Исповедь падшего ангела
За последние несколько лет он уже привык просыпаться от ночных кошмаров. Вот и нынче. Ему снился страшный ливень. Потоки воды неслись, словно стремительные реки, с грохотом сметая все на своем пути. Спасаясь от разбушевавшейся стихии на какой-то заброшенной ферме, они с женой и сыном пытались развести костер, чтоб согреться. Потом Анна вышла, за ней выбежал Алешка. Их не было долго, и Федор сквозь грязное окно и потоки воды стал разглядывать, что делается за стенами их пристанища. Нечеловеческий крик заставил похолодеть от ужаса: свора бродячих псов буквально в считанные секунды разорвала в клочья его маленького сына...
За последние несколько лет он уже привык просыпаться от ночных кошмаров. Вот и нынче. Ему снился страшный ливень. Потоки воды неслись, словно стремительные реки, с грохотом сметая все на своем пути. Спасаясь от разбушевавшейся стихии на какой-то заброшенной ферме, они с женой и сыном пытались развести костер, чтоб согреться. Потом Анна вышла, за ней выбежал Алешка. Их не было долго, и Федор сквозь грязное окно и потоки воды стал разглядывать, что делается за стенами их пристанища. Нечеловеческий крик заставил похолодеть от ужаса: свора бродячих псов буквально в считанные секунды разорвала в клочья его маленького сына...
Раз от разу сны становятся все тяжелее, но всякий раз в них снова и снова ему приходится переживать гибель собственного ребенка...
- Я ведь пытался дважды себя жизни лишить, не вышло, - он тяжело вздохнул и уронил голову на грудь, - а теперь хочу исповедаться...
- Но ведь я - не священник, не дано мне грехи отпускать, вам бы к батюшке, - еще не зная его тяжелую жизненную историю, робко возразила я.
- А послушать хоть можете меня? - с мольбой метнул он взгляд, наполненный такой болью, что я согласилась...
- В детстве, помню, бабка моя говаривала: “Федьша-то у нас чистый аньгел, легонький и светлый, никому и мысли дурной вдогон не пошлет!” Любили меня и родители, а сестры, как младшенького, сильно баловали. Был я пухленький и кучерявый, всегда и всем улыбался... В Приморье дед с бабушкой с Украины перебрались - лучшую долю искать. Здесь, почитай, вся семья и сгинула, и я вот не стал продолжателем рода... Я, сколько себя помню, любил тишину, природу, особенно рыбачить где-нибудь на берегу далекой таежной речушки. Может, за кротость, неприметность и Валюху, жену свою, выбрал я из множества девчат, что глазки мне строили. Сейчас, когда начинаю все вспоминать, думаю все чаще, что все беды со свадьбы нашей и начались.
Свадьба деревенская - это же настоящий театр! У нас же свадьба была такая, что 3 дня двумя селами гуляли, с песнями и плясками, с соблюдением всех обычаев дедовских. И вот в первый же вечер, когда сидели мы с невестой за столом, кто-то из глазевших в окно мальчишек забросил удочку, хотел, видно, с невесты фату сорвать за выкуп. А крючок возьми да и уцепись за ухо! И столько крови пролилось на белое платье, и Валюшка моя так горько плакала, что насилу уняли ее. А одна из старух, крестясь, прошептала: “Ох, не к добру это, Господи, спаси и сохрани!”
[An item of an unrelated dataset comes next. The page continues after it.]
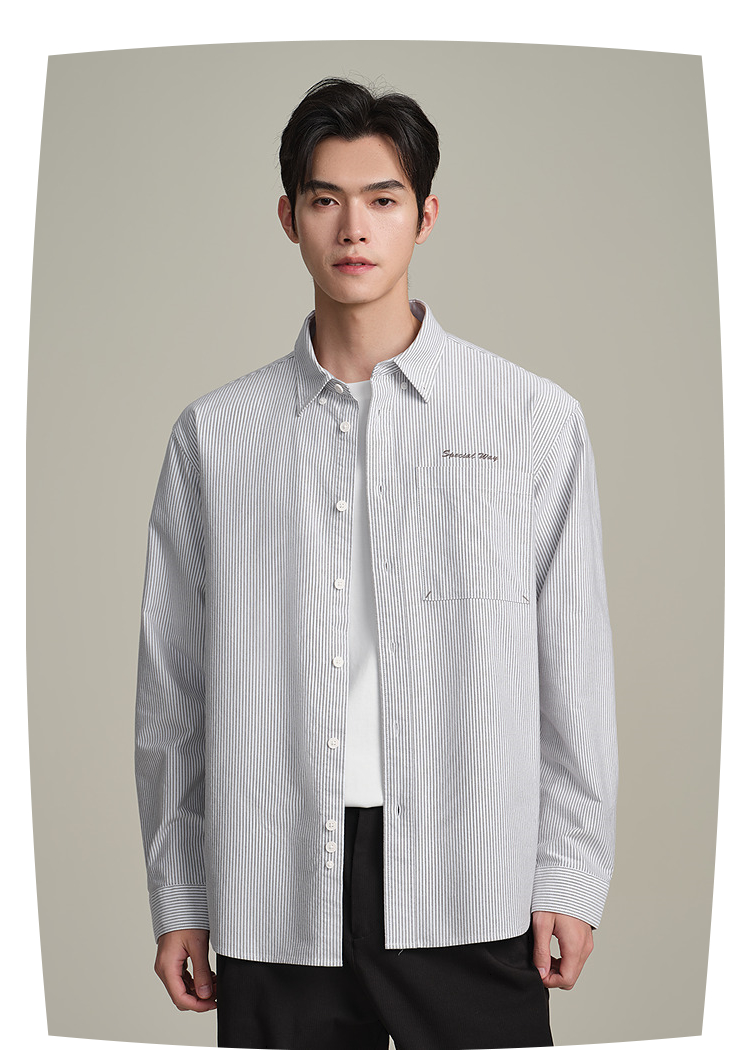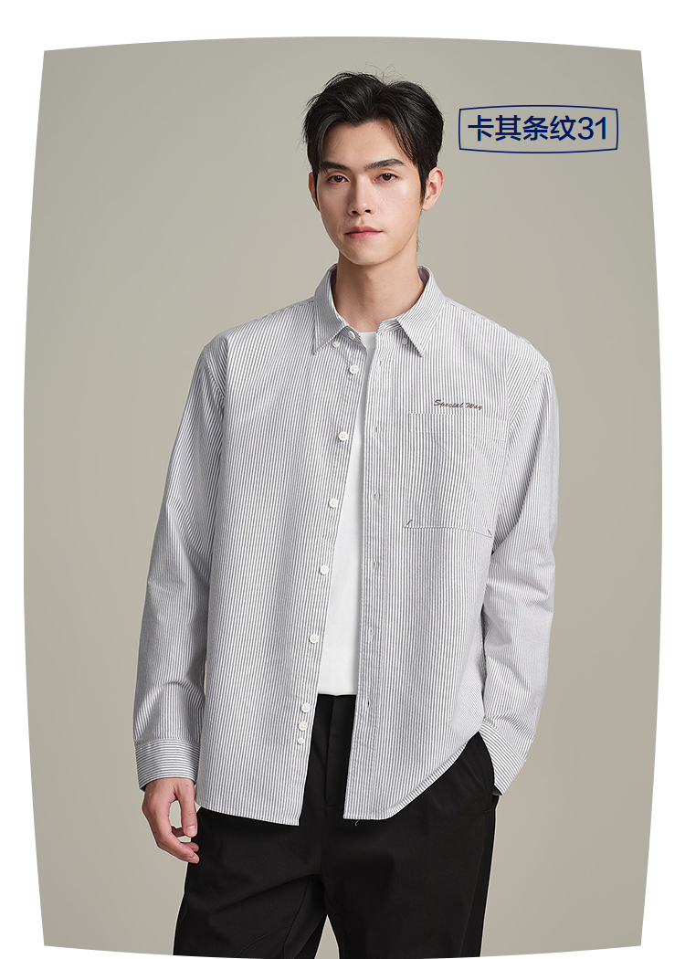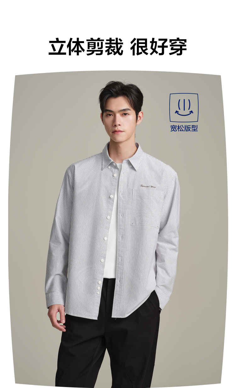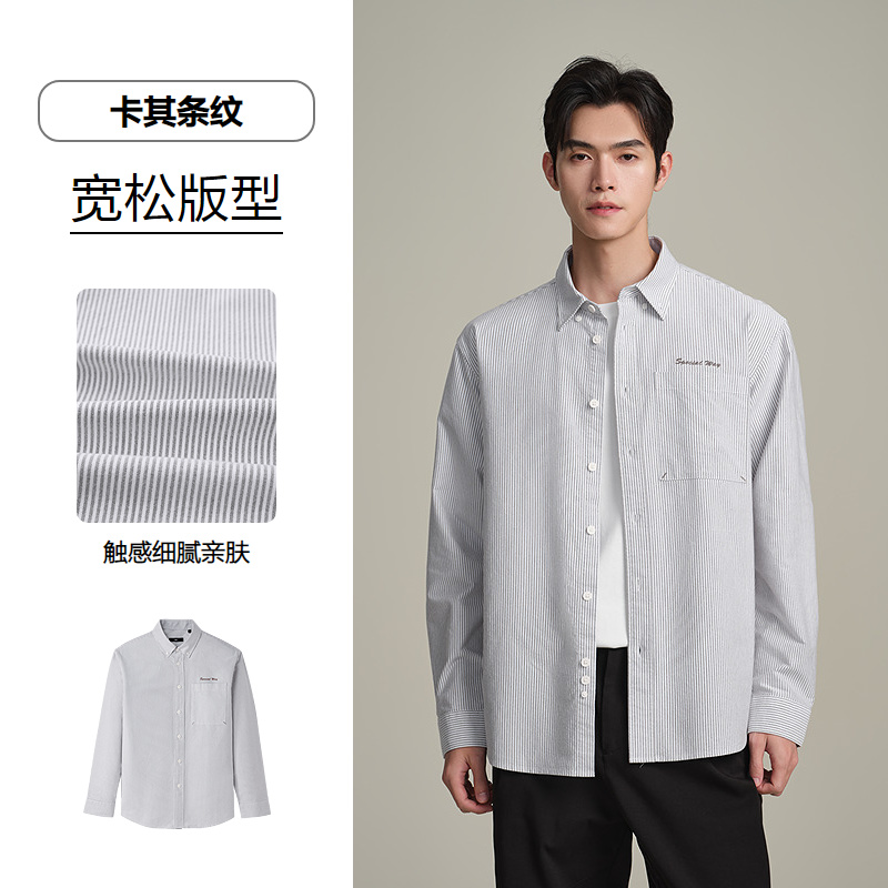 已选:HLA海澜之家牛津纺长袖衬衫25春秋新制扣领刺绣纯棉条纹衬衣男HNEAD1J031A

Но зажили мы ладно. Я работал шофером в совхозе, Валентина воспитателем в детском саду. Когда родилась дочка Анютка, впервые в нашу семью беда постучала. Погибла моя старшая сестра Татьяна, она работала на консервном заводе, ее обварило паром - сорвало крышку с котла... В дом свой я забрал двух осиротевших племянников. Валентина любила детей, как своих, и очень их жалела.
В ту ночь, когда родился наш Алешка, на пожаре задохнулся мой отец...
Анютка нянчила брата охотно, бывало, все возле него крутится, а уж купание никак без нее не обходилось. “Молодцы мы с тобой, Федор, - говорила Валентина, - сначала няньку родили, потом - ляльку, славная помощница растет!”
Думаю, завидовали нам многие. Я ушел в дальнобойщики, неделями в рейсах, деньги получал хорошие, да и никакого приработка не чурался, а руки умелые на селе всегда в цене. Жили мы в достатке. С рюмкой я никогда дружбу не водил, а в праздники мы всем семейством на природу подавались. Алешку на шашлыки впервые еще в пеленках носили... Мальчишечка рос на удивление пригожий и смышленый, он словно вобрал в себя все лучшее, что было у нас, родителей...
Мой рассказчик вдруг затих. Руки его задрожали, он долго пытался закурить. Потом затянулся и вместе с клубами едкого дыма от дешевенькой сигареты выдохнул не то тяжкий вздох, не то жалобный стон раненого зверя, а глаза его словно белой пеленой затянуло...
- Едва 6 лет исполнилось Алешке, а через несколько дней я сам его и погубил.
Немало лет минуло с той поры, а я и по сей день не могу вспоминать подробности... Приехал я на обед. Машину поставил во дворе. Алешка сильно просил, чтобы взял я его с собой в рейс. Но мне предстояло вернуться не раньше следующего утра, да и Валентина была против. Одним словом, когда я в машину-то сел, не заметил, что парнишечка мой прямо под колесом играл... Словно весь мир оделся в черное...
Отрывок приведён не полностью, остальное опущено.